Tyrosine Kinase Inhibitors (TKIs): ABL-class gene rearrangements, including ABL1, ABL2, and PDGFRB fusions, can be targeted with specific TKIs. For example, imatinib is effective against BCR-ABL1 fusion, while dasatinib and nilotinib have shown activity against various ABL-class fusions [34].

JAK Inhibitors: JAK2 rearrangements result in constitutive JAK-STAT pathway activation. JAK inhibitors, such as ruxolitinib and fedratinib, have demonstrated efficacy in targeting JAK2 rearrangements in preclinical studies and clinical trials for Ph-like ALL [21].

EPOR Antibodies and Small Molecule Inhibitors: EPOR rearrangements can lead to dysregulated erythropoietin receptor signaling. Monoclonal antibodies against EPOR or small molecule inhibitors targeting downstream signaling pathways are being investigated as potential targeted therapies for Ph-like ALL with EPOR rearrangements [27].

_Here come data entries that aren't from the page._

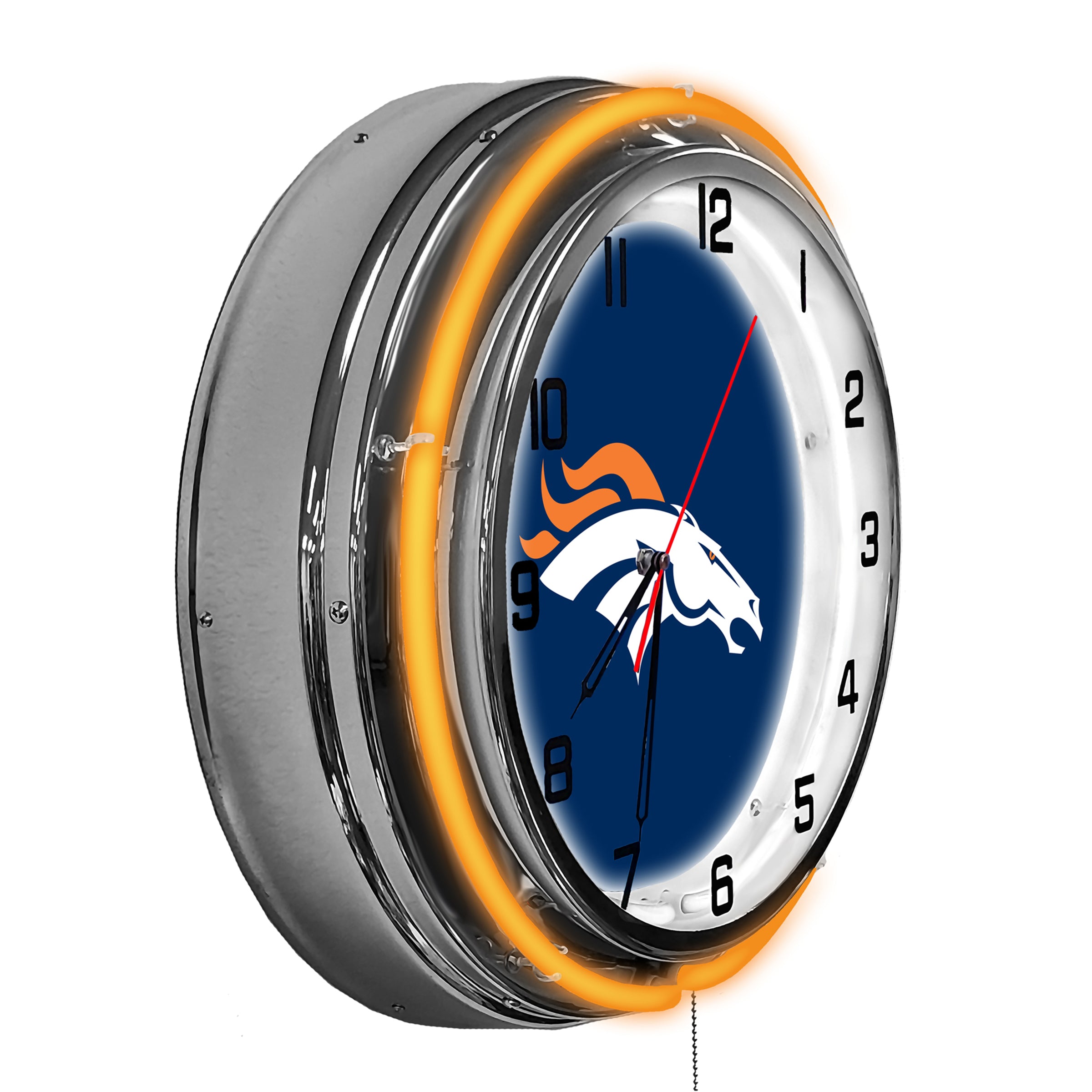 Make Your Fan Room Glow With Your 18" Denver Broncos Neon Clock. Inner Band Of Neon Is White To Brighten The Face Of The Clock And Outer Band Focuses On Your Favorite Teams Color. Be The Envy Of All All Your Friends When They Come Over To Watch The Big Game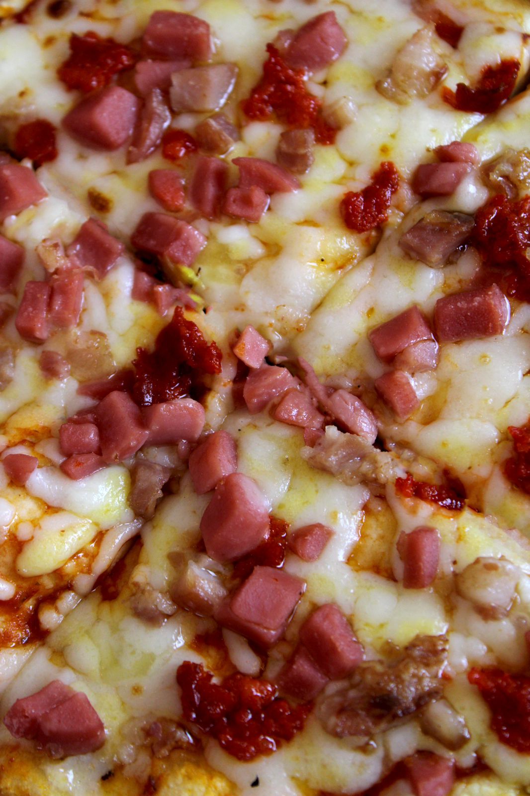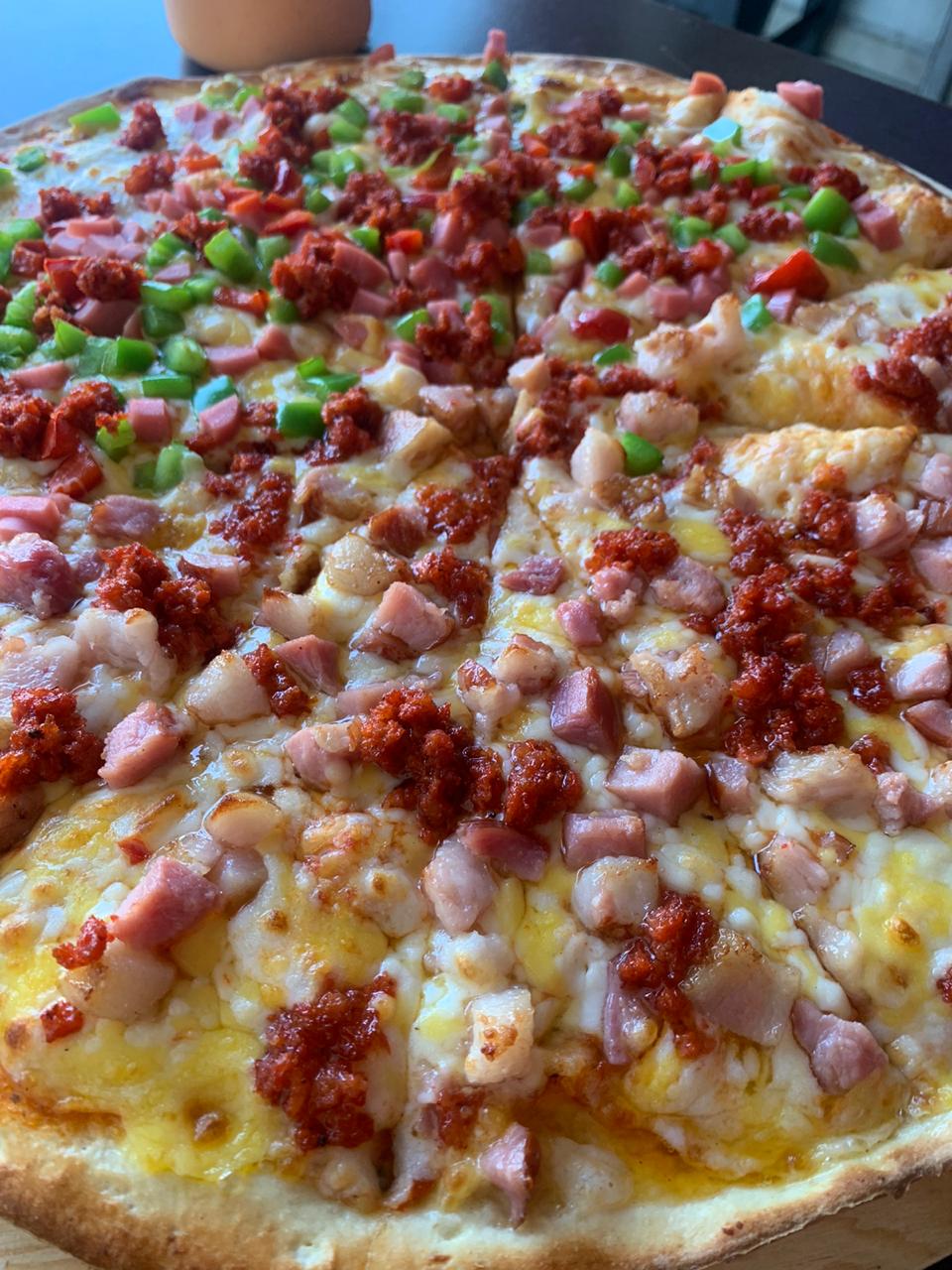 Pizza con 10 rebanadas. Chorizo, tocino, salchicha acompañada de chimichurri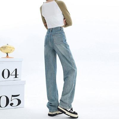 大人気 デニムパンツ 秋 新作 デニムボトムス ニューデザイン ストレートパンツ 春秋 ハイウェスト 体型カバー ファッション モップパンツ ワイドパンツ ジョガーパンツ 体型カバー レディース 脚長 | DOKO-ME

It is important to note that targeted therapies for specific rearrangements and mutations in Ph-like ALL are still under investigation and may be used in the context of clinical trials or off-label. Treatment decisions should be made in consultation with a specialized oncologist and based on the individual patient's characteristics, including the specific genetic alterations present in their leukemia cells.